# zk-SNARKs

A possible cryptographic implementation of a zero-knowledge proving system is a “zk-SNARK”, and as far as I know it’s the oldest practical implementation of a zero-knowledge system.

zk-SNARK means Zero-Knowledge Succinct Non-interactive ARgument of Knowledge

Zero-Knowledge has the meaning explained above: nothing is revealed beyond truth of statement.

Succinct means that the proof is short (e.g. for the crypto people, let’s say that it can easily be stored in a transaction of an existing blockchain) and can be easily verified (e.g. it can be cheaply checked by a blockchain node when validating blocks).

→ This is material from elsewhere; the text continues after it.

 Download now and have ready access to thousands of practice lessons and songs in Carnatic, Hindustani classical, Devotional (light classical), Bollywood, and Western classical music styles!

Non-interactive means that we can write and store a proof, without the need to have question/answer cycles as in the introductory “snooker ball” example in the Home Page. So a proof can be computed and published say on a blockchain, and everyone can verify it.

ARgument of Knowledge roughly means that we can produce a cryptographic proof for the defined statement. A more precise explanation of the terms goes beyond the purpose of this text, and beyond my own knowledge of the subject, but intuitively an argument can be defined as a series of statements intended to determine the degree of truth of another statement. In our case, the argument is the proof that we can give of the defined statement. The argument needs to satisfy the property of completeness, i.e. true statements have proofs, and false statements don’t. And that’s all about the “Argument” part of the definition. With the term “knowledge” instead, we are saying that every prover producing a convincing proof of the defined statement, must “know a witness”; a witness in cryptography is a piece of information that allows to efficiently verify that the given statement is true. As an example, if the statement is y=HASH(x), where HASH() is a one-way function and y is a known value, x can be the witness: knowing that x, we can easily and quickly verify that the statement y=HASH(x) is true. So to wrap it up, “argument of knowledge” means the ability to produce a convincing proof of knowledge of a witness, x, to the defined statement, y=HASH(x).

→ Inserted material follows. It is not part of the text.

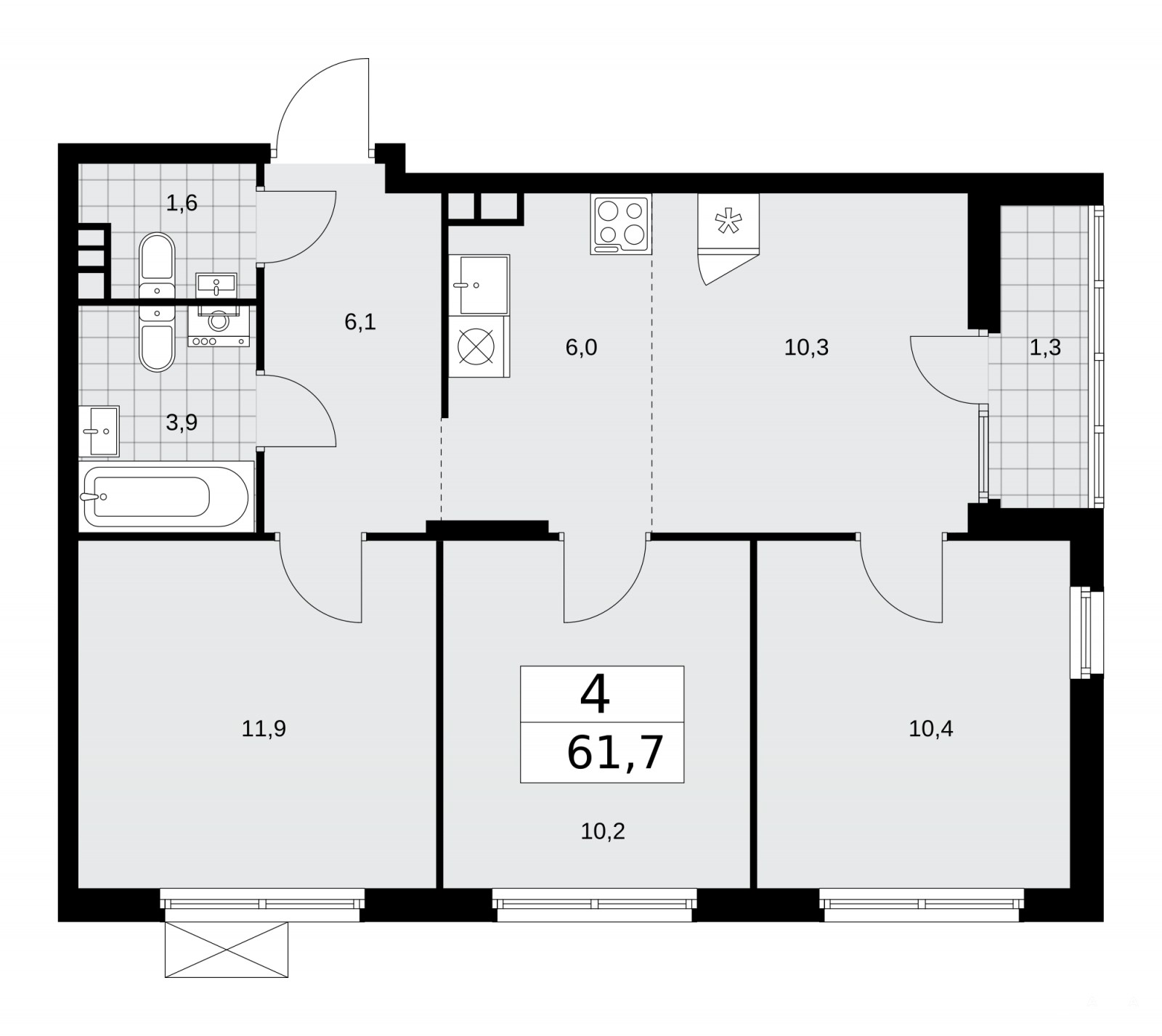 Продается 4-комн. квартира с европланировкой от застройщика в ЖК "Деснаречье" на 15 этаже. Квартира без отделки, после оформления собственности можно делать ремонт. Общая площадь: 61.7 кв.м., жилая: 42.8 кв.м., общая площадь гостиной-столовой с кухонной зоной: 16.3 кв.м. Европланировка, кухня и гостиная объединены в одно просторное помещение. Угловая квартира, очень светлая, естественная вентиляция при открытии окон. В квартире одна лоджия, один совмещенный и один раздельный санузел. Высота потолков 2.99 м.

In more practical terms, a zk-Snark offers a way to prove the correct execution of a defined computation, without disclosing the values used when performing that very computation. zk-Snarks are typically implemented as a sequence of 5 main steps:

1. Representation of the computation to be proved, as a set of constraints among variables
2. Reduction of the above set of constraints to polynomial equations
3. Choice of a random value and one-way mapping of it and of all the equations to a “homomorphic” space, i.e a space where linear combinations (sums and multiplications to coefficients) still hold, so that the equations defined in point 2 are still true in this new space. It’s a one-way mapping, based on elliptic curve math, so it’s an “encryption” technique: it will be computationally unfeasible to calculate the original value if you only know the mapped encrypted point. The original chosen value will then be a secret, never known to anybody (“toxic waste”, “trusted set-up”, etc.)
4. Proof creation, by mapping the equations, calculated in the chosen (secret) value, to the homomorphic space. Random values are used to further hide the equations in this phase, while preserving the equation structure.
5. Verify the proof, by calculating that the equations stand. The verification is not performed directly in the mapped space, but values are once more mapped to a new space by a “pairing” function, that preserves and allows to check multiplication between the original variables.

As we can see, zk-Snarks are made of many components, and if we want to understand how they work, we need to understand each of these components, and then see how they are combined together.